_GIVEN DATA_:

+-------+

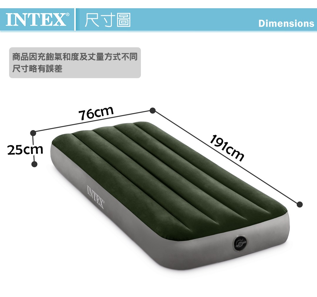 【INTEX】經典單人型(fiber-tech)充氣床墊(綠絨)-寬76cm 15010022(64106)
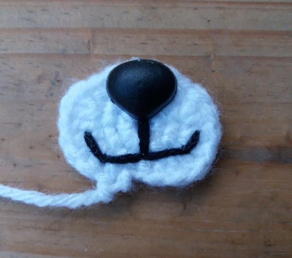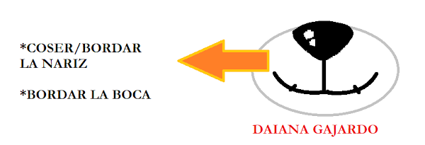 POR ULTIMO LE BORDAMOS UNA LINEA NEGRA DE LA NARIZ HASTA UN POCO MÁS ARRIBA DE LOS OJOS Y PEGAMOS UN PEDACITO DE FIELTRO/PAÑOLENCI ROSA SOBRE LOS COSTADOS PARA SIMULAR MEJILLAS ROJAS, EN CASO DE NO TENER FIELTRO/PAÑOLENCI SE PUEDEN BORDAR CON HILO ROSA (VER FOTOS
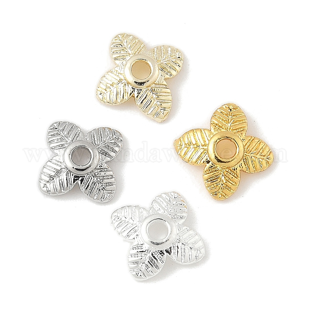 Шапочки и конусы для бусин, латунные, 4-лепестков цветка

+-------+

_WORK INSTRUCTION_:
Transcribe each line above exactly, pictures excluded.

_EXERCISE OUTPUT_:
 【INTEX】經典單人型(fiber-tech)充氣床墊(綠絨)-寬76cm 15010022(64106)
 POR ULTIMO LE BORDAMOS UNA LINEA NEGRA DE LA NARIZ HASTA UN POCO MÁS ARRIBA DE LOS OJOS Y PEGAMOS UN PEDACITO DE FIELTRO/PAÑOLENCI ROSA SOBRE LOS COSTADOS PARA SIMULAR MEJILLAS ROJAS, EN CASO DE NO TENER FIELTRO/PAÑOLENCI SE PUEDEN BORDAR CON HILO ROSA (VER FOTOS
 Шапочки и конусы для бусин, латунные, 4-лепестков цветка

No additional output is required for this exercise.